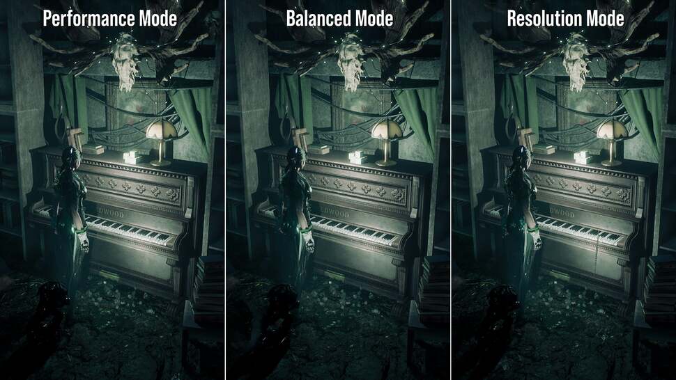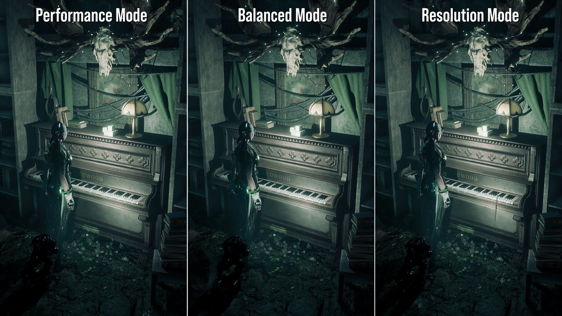 To put this into perspective, let's bring in the other two modes. The performance mode, for instance, runs at a native 1440p with a conventional (non-temporal) upscale. You get 60fps this way and pixel counts show it's a true 1440p most of the time. Lastly we have the resolution mode, which runs at 4K native at 30fps. In this case, 4K is the typical figure based on most counts, though I did spot a minor drop to 2070p in one stress point. For the image quality purist, the resolution mode is a great option, but only if you're able to accept playing at 30fps - a big ask giving the timing-sensitive nature of the combat.
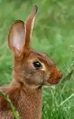 The Belgian Hare is a "fancy" (i.e., non-utilitarian) breed of domestic rabbit that has been selectively bred to resemble the wild European hare.[1] It is a rabbit rather than a true hare. Averaging 6–9 pounds (2.7–4.1 kg), the Belgian Hare is known for its slender and wiry frame and its long and powerful legs.
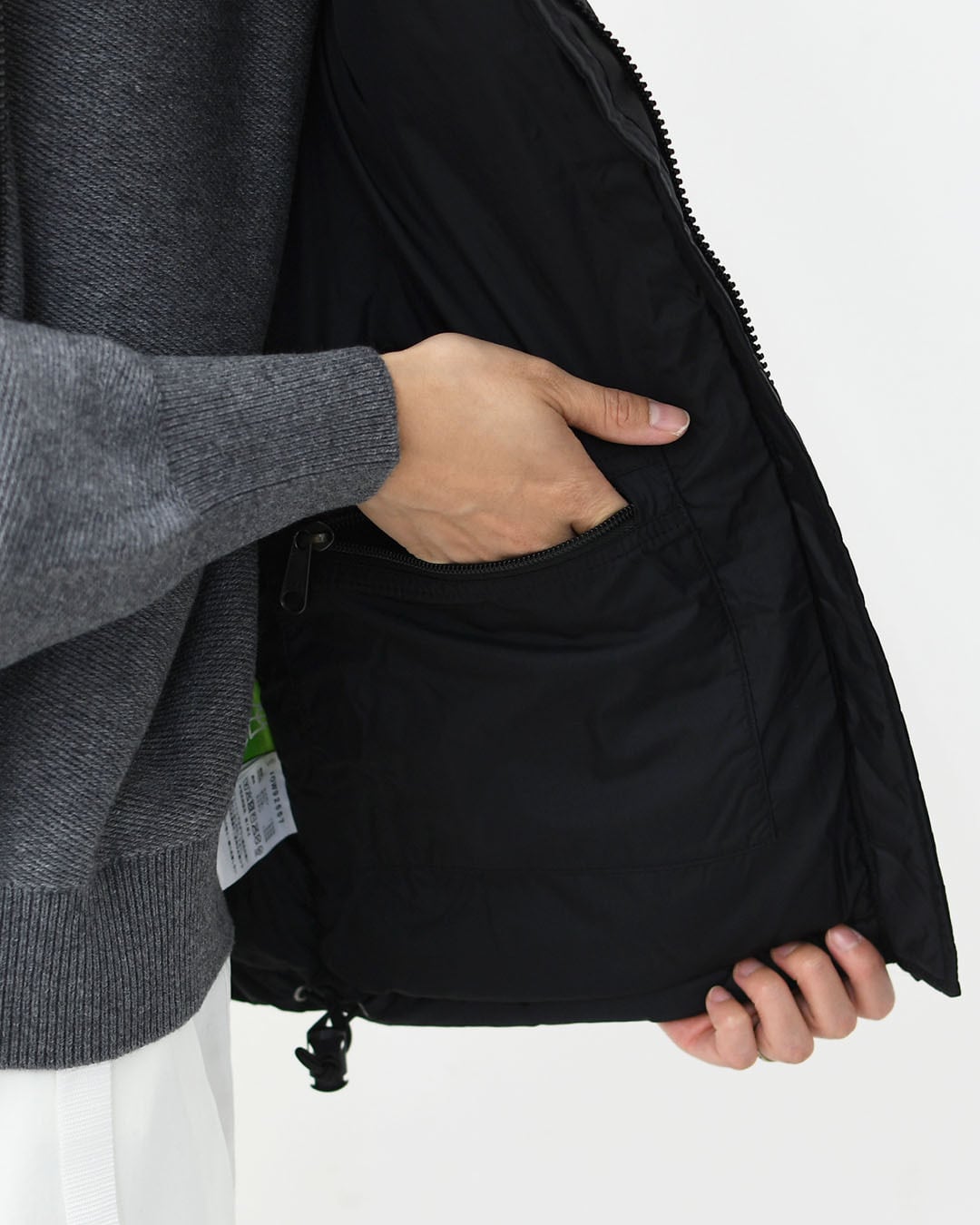 素材 <表地>40D Recycled Nylon Ripstop(ナイロン100%)<中わた>GreenRecycled CLEANDOWN(ダウン80%、フェザー20%)<肩部分・裏地>Recycled Nylon Cloth(ナイロン100%)

--

Exercise requirements
Please copy the data shown above precisely, leaving the images out.

Completed exercise
 To put this into perspective, let's bring in the other two modes. The performance mode, for instance, runs at a native 1440p with a conventional (non-temporal) upscale. You get 60fps this way and pixel counts show it's a true 1440p most of the time. Lastly we have the resolution mode, which runs at 4K native at 30fps. In this case, 4K is the typical figure based on most counts, though I did spot a minor drop to 2070p in one stress point. For the image quality purist, the resolution mode is a great option, but only if you're able to accept playing at 30fps - a big ask giving the timing-sensitive nature of the combat.
 The Belgian Hare is a "fancy" (i.e., non-utilitarian) breed of domestic rabbit that has been selectively bred to resemble the wild European hare.[1] It is a rabbit rather than a true hare. Averaging 6–9 pounds (2.7–4.1 kg), the Belgian Hare is known for its slender and wiry frame and its long and powerful legs.
 素材 <表地>40D Recycled Nylon Ripstop(ナイロン100%)<中わた>GreenRecycled CLEANDOWN(ダウン80%、フェザー20%)<肩部分・裏地>Recycled Nylon Cloth(ナイロン100%)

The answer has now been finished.